True, Inside isn’t a “TV show” in the purest sense, and certainly not the kind of “process television” I’ve written about before. But I’m expanding what Poets Watching TV means in order to think about the format more generally: What can we learn as writers and creatives from media that’s beamed directly into our households, media that was made to be watched on a television screen?
To me, Inside counts as a Poets Watching TV feature because that’s how it was originally released: as a Netflix special. Though it later opened in theaters on select dates in the summer of 2021, Inside is made for those of us who are, of course, staying inside: a place that has started to take on a new significance for all of us—and perhaps especially for writers, the quintessential indoor cats of the art world, in particular—during these pandemic years.
Look Who’s Inside Again
Part of what makes Inside so wonderful is that it manages to say so much about a range of topics: contemporary dating, aging, mental health, consumerism, work, social media, cultural appropriation, capitalism, and more. If you want to watch it as a meditation on just one of any of those topics, you can do so and will come away with great insights.

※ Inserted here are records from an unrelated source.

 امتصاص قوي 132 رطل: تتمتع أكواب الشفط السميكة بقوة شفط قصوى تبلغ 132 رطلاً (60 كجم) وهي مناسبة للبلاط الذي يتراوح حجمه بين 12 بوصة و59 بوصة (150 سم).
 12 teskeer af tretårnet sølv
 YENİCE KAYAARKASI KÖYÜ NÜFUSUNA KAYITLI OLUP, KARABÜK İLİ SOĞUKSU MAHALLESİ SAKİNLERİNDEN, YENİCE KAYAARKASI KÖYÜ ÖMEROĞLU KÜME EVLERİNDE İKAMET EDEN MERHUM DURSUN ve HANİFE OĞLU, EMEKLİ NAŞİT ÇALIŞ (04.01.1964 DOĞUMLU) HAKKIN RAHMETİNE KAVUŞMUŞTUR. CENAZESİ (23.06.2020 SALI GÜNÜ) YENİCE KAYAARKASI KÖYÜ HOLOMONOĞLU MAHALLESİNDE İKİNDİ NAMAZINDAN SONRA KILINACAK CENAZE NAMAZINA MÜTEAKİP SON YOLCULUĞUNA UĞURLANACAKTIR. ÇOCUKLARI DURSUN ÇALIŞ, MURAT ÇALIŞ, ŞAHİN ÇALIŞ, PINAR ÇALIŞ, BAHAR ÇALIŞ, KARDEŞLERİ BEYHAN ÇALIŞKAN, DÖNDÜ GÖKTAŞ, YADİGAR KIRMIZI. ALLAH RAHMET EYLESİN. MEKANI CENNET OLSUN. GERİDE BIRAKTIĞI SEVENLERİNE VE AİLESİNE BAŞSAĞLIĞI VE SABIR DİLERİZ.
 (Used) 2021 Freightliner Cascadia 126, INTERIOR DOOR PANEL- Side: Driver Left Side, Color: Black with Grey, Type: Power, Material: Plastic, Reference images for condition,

As an artist myself, I’m interested in how Burnham the artist made this work and what its making might mean for all of us. Not everything has to have a use value, but every time I watch Inside I’m impressed by the creative practices that Burnham engages in and the effect they have on me as a viewer. Here are ten things I (re)learned by (re)watching Inside.

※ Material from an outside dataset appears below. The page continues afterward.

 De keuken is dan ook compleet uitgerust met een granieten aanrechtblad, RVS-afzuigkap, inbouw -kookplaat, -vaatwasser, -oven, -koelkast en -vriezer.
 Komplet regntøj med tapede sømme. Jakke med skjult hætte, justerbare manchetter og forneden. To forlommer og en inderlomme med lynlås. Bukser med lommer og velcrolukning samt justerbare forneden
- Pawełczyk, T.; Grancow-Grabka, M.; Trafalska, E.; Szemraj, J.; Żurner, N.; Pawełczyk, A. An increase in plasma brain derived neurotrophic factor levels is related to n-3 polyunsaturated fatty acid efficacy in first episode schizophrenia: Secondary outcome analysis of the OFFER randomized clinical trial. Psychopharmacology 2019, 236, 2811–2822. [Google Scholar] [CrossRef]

10 Things This Poet (Re)Learned from Bo Burnham’s Inside
1. Write what you know: literally.
Ibsen wrote that the artist’s job was to write about the questions central to his age. Burnham certainly got that memo, as comedians often do. Humor about the state of the world as it is plays well, and when you write about what you know, you’re able to speak from the sovereignty of your own experience rather than co-opting the experiences of others.

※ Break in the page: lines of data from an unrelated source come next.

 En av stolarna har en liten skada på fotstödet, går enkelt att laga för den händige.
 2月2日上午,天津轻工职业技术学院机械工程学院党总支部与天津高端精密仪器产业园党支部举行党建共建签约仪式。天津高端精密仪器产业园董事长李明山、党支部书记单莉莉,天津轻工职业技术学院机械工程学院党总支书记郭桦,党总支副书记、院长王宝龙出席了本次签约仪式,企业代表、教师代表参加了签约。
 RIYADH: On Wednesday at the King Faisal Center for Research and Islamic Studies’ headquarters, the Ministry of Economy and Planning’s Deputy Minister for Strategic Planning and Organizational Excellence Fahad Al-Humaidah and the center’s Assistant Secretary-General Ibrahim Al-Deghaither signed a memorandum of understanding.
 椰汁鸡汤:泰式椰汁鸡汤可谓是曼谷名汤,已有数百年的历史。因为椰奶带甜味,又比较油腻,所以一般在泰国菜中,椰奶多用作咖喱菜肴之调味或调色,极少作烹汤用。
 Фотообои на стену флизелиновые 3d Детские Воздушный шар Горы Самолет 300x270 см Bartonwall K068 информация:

More broadly, even if watching media peripherally “about” the pandemic gives you that “too soon” shiver, there’s power in speaking to your own moment, even if it seems scary. And if you’re interested in changing the world as it is, deciding where we are is a good place to start before forging ahead.
2. Let yourself play.
Watching Inside, you get the sense that Burnham was just trying some shit in many segments.
In a few spare moments, we even see him tweaking camera setups and lighting effects. There are some songs that involve tons of props, like “White Woman’s Instagram,” and others that involve only his voice and a keyboard, like the why-is-this-so-catchy “Bezos I.” Each song has its own flavor, and some of the weirder techniques Burnham tried—like projecting eggplant emojis onto his face—turn out to be strangely beautiful.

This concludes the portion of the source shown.